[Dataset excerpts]
────────────────
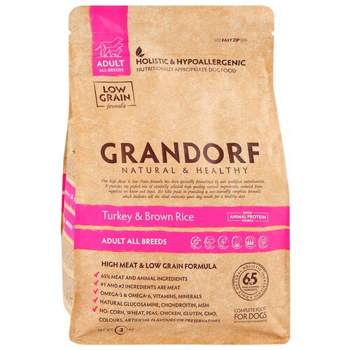 Сухой корм (3 упаковки - 3 х 3 кг) низкозерновой для взрослых собак всех пород Grandorf Turkey & Brown Rice All Breeds - Индейка с бурым рисом - 3 х 3 кг.
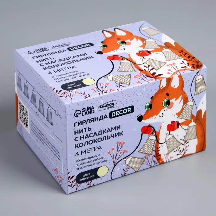 Гирлянда «Нить» 4 м с насадками «Колокольчик», IP20, прозрачная нить, 20 LED, свечение тёплое белое, 8 режимов, 220 В — Характеристики
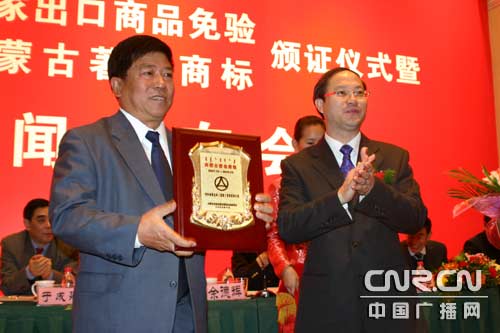 內蒙古自治區(qū)副主席余德輝向眾環(huán)集團頒發(fā)“出口商品免驗證書”
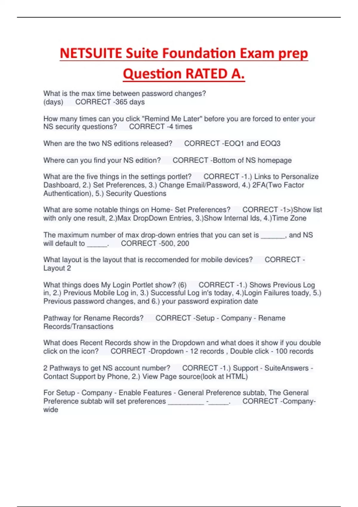 NETSUITE Suite Foundation Exam prep Question RATED A.
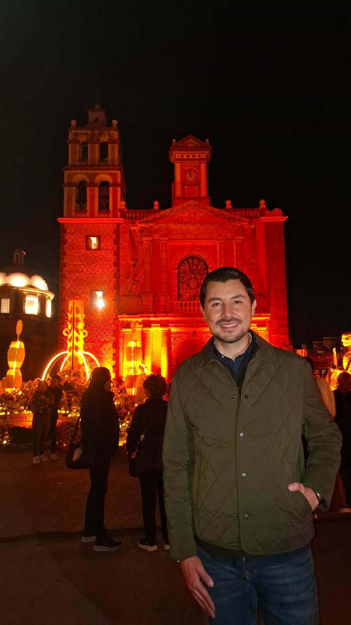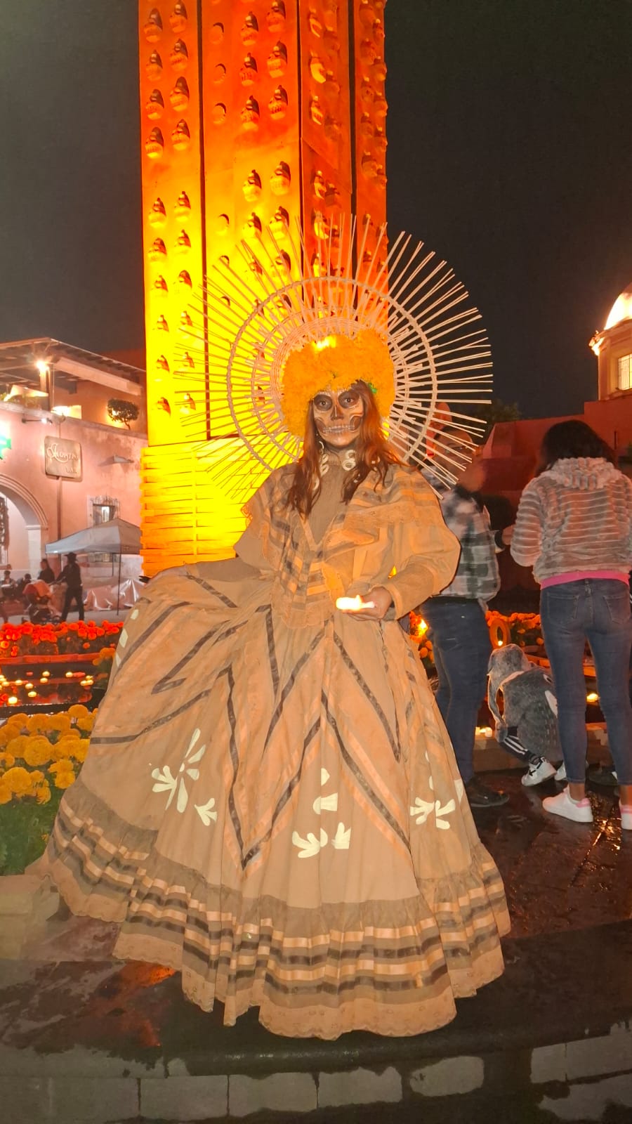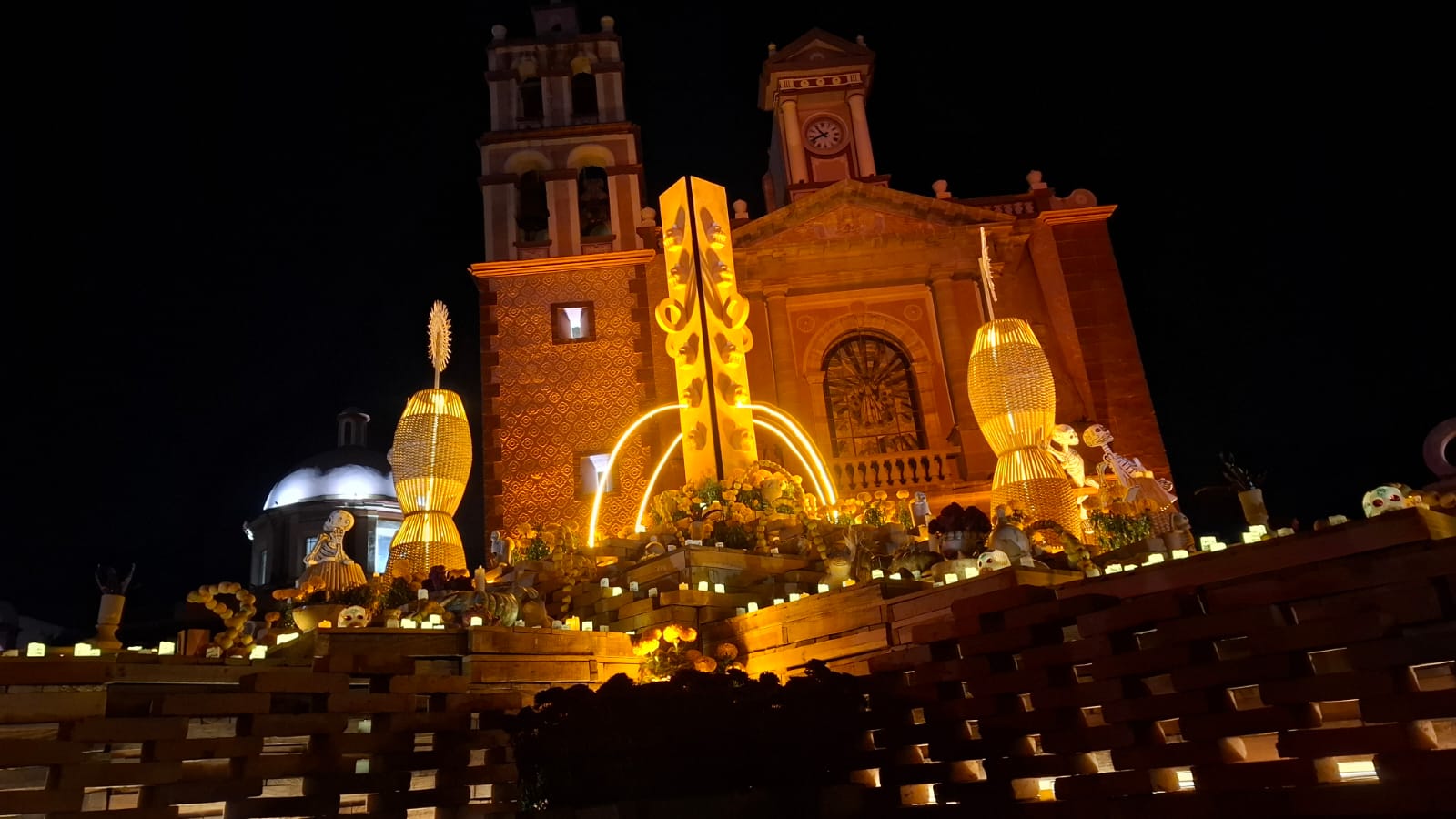 Comerciantes y artesanos del pueblo mágico de Tequisquiapan, en Querétaro, instalaron el Altar Monumental en la plaza central, para celebrar el Día de Muertos, como parte del Festival «Tejedores de luz».
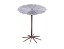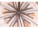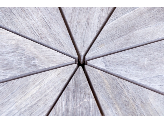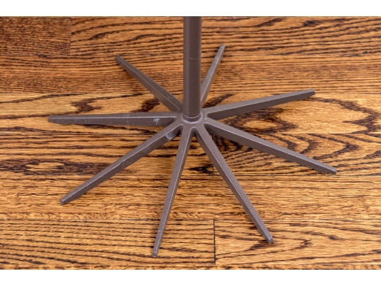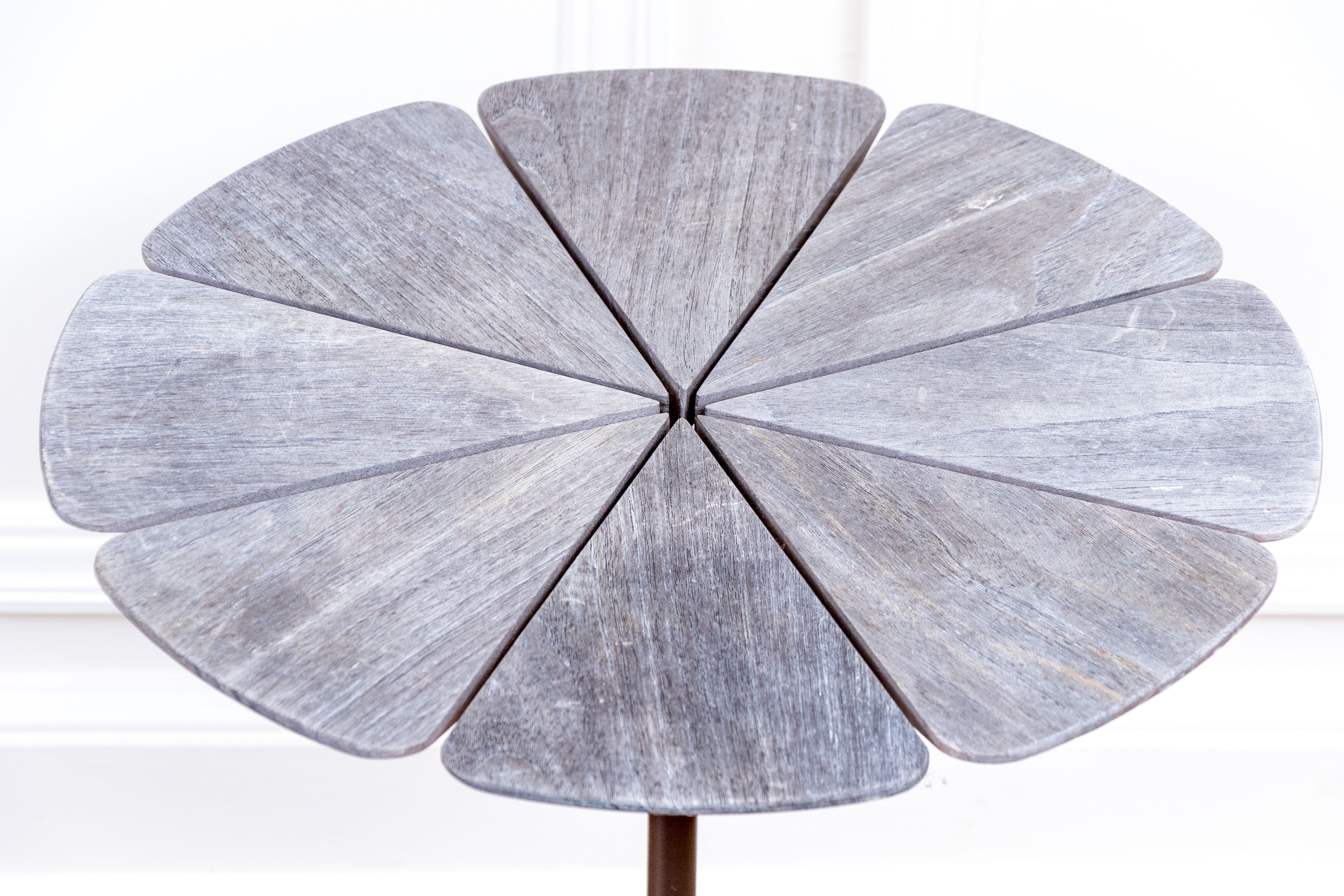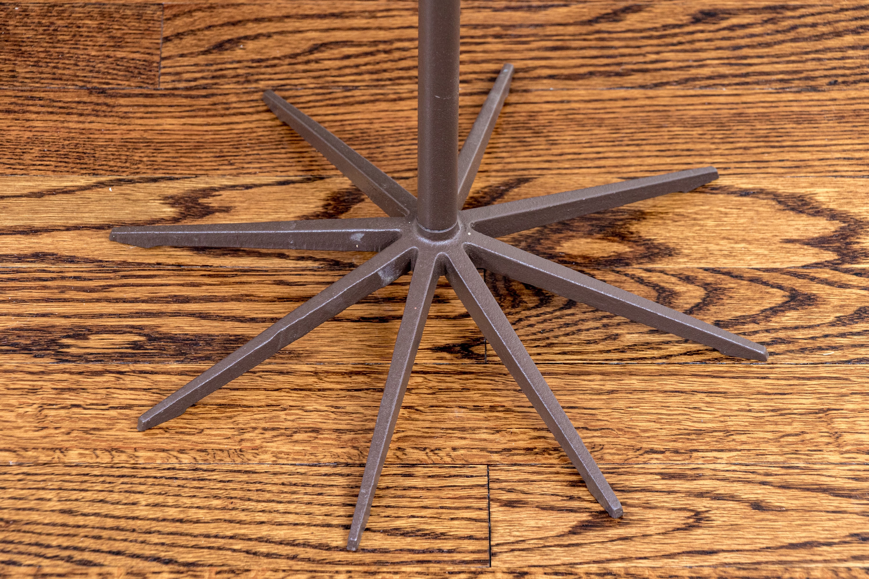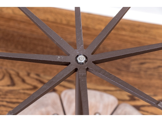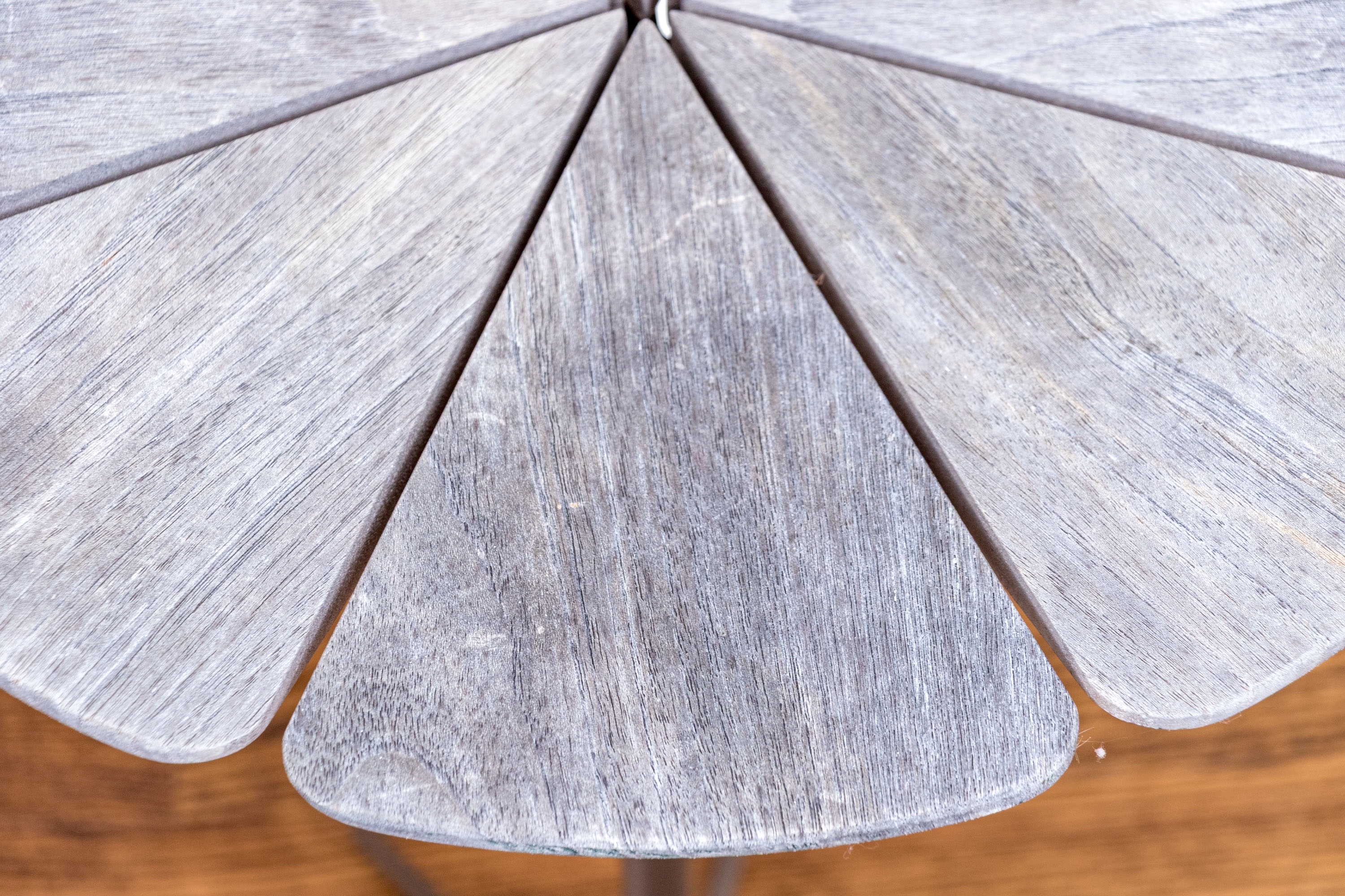 The Classic Mid Century design made by Knoll. With a sun bleached Teak sectioned top in Petal form surmounting an Iron pedestal with eight spokes and central post in a Brown finish.
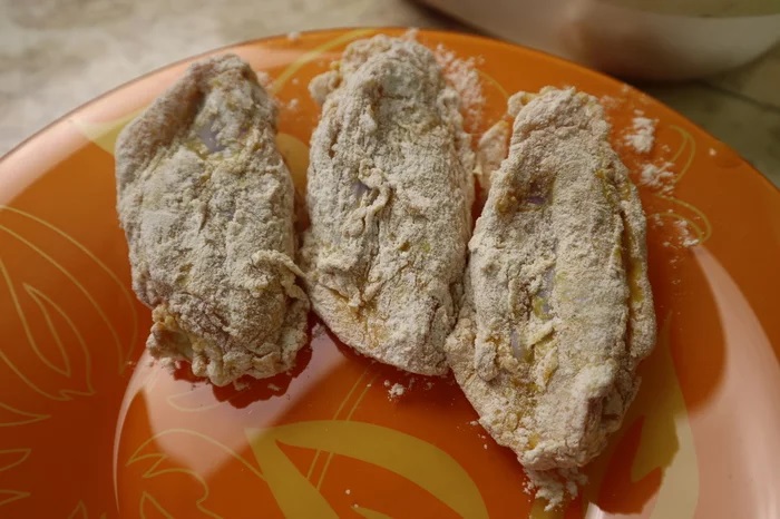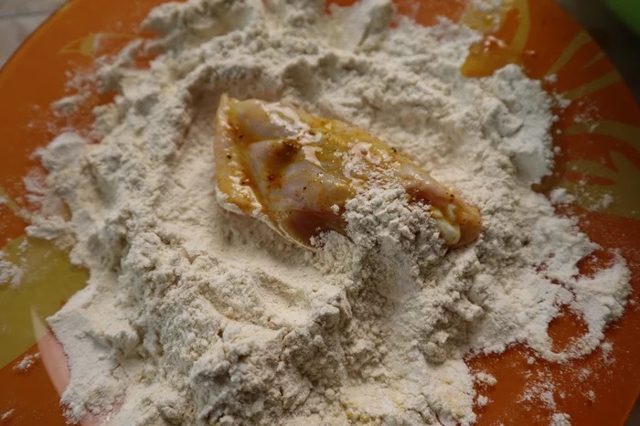 Обмакиваем курицу в яичной смеси, потом бросаем в муку и даём ей полежать 3-5 минут, чтобы мука плотнее прилипла к мясу. Не рекомендую мочить руки в яичной смеси, а использовать вместо этого вилку, иначе яйца и мука прилипнут на ваши руки, а не к курице.
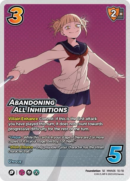 Villain Enhance Commit: If this is the first attack you have played this turn, it does not count towards progressive difficulty for the rest of the turn." Unique - While this card is in your stage, If there are 2 or more coples of it in your stage, destroy 1 of them." " Villain Enhance - Only playable if your character has the Villain character trait."
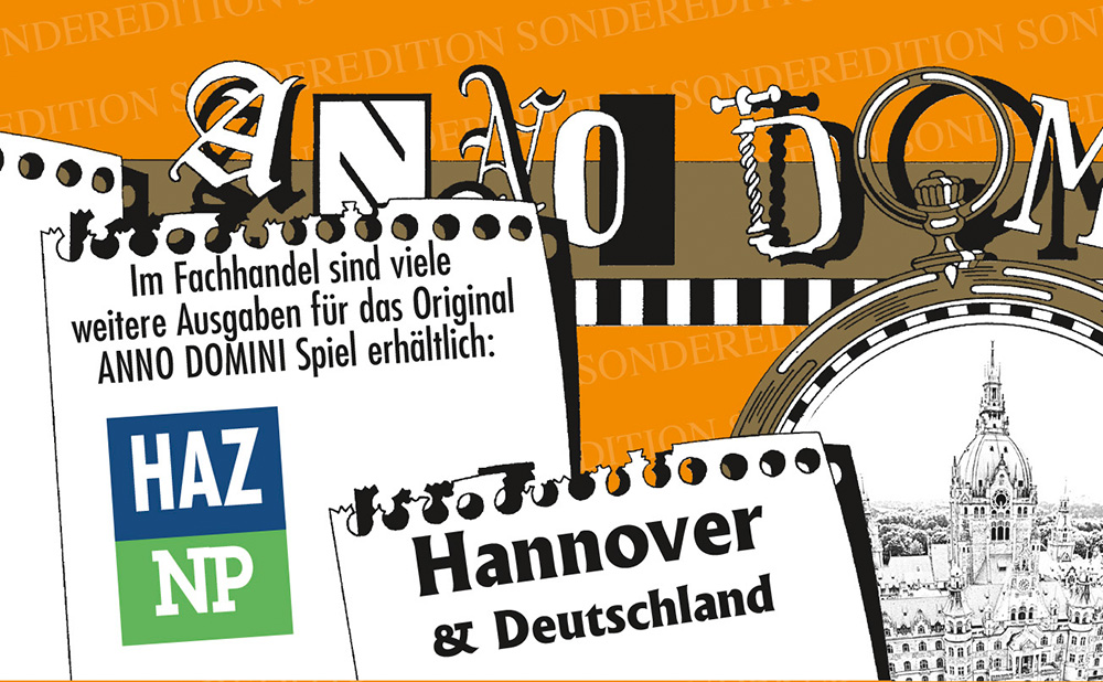 Die ANNO DOMINI Serie besteht inzwischen aus über 30 verschiedenen Themensets. Da ist für jeden Geschmack etwas dabei, und für noch mehr Abwechslung können alle Sets untereinander kombiniert werden. Einfache Regeln und jede Menge Spielspaß machen ANNO DOMINI zum Kultspiel, das auf keiner Party fehlen sollte. Bereits über 950.000 verkaufte ANNO DOMINIs im deutschsprachigen Raum sprechen für sich.
────────────────
About this exercise: Hand back the records above exactly as they are, pictures excluded.

Output for this exercise:
 Сухой корм (3 упаковки - 3 х 3 кг) низкозерновой для взрослых собак всех пород Grandorf Turkey & Brown Rice All Breeds - Индейка с бурым рисом - 3 х 3 кг.
 Гирлянда «Нить» 4 м с насадками «Колокольчик», IP20, прозрачная нить, 20 LED, свечение тёплое белое, 8 режимов, 220 В — Характеристики
 內蒙古自治區(qū)副主席余德輝向眾環(huán)集團頒發(fā)“出口商品免驗證書”
 NETSUITE Suite Foundation Exam prep Question RATED A.
 Comerciantes y artesanos del pueblo mágico de Tequisquiapan, en Querétaro, instalaron el Altar Monumental en la plaza central, para celebrar el Día de Muertos, como parte del Festival «Tejedores de luz».
 The Classic Mid Century design made by Knoll. With a sun bleached Teak sectioned top in Petal form surmounting an Iron pedestal with eight spokes and central post in a Brown finish.
 Обмакиваем курицу в яичной смеси, потом бросаем в муку и даём ей полежать 3-5 минут, чтобы мука плотнее прилипла к мясу. Не рекомендую мочить руки в яичной смеси, а использовать вместо этого вилку, иначе яйца и мука прилипнут на ваши руки, а не к курице.
 Villain Enhance Commit: If this is the first attack you have played this turn, it does not count towards progressive difficulty for the rest of the turn." Unique - While this card is in your stage, If there are 2 or more coples of it in your stage, destroy 1 of them." " Villain Enhance - Only playable if your character has the Villain character trait."
 Die ANNO DOMINI Serie besteht inzwischen aus über 30 verschiedenen Themensets. Da ist für jeden Geschmack etwas dabei, und für noch mehr Abwechslung können alle Sets untereinander kombiniert werden. Einfache Regeln und jede Menge Spielspaß machen ANNO DOMINI zum Kultspiel, das auf keiner Party fehlen sollte. Bereits über 950.000 verkaufte ANNO DOMINIs im deutschsprachigen Raum sprechen für sich.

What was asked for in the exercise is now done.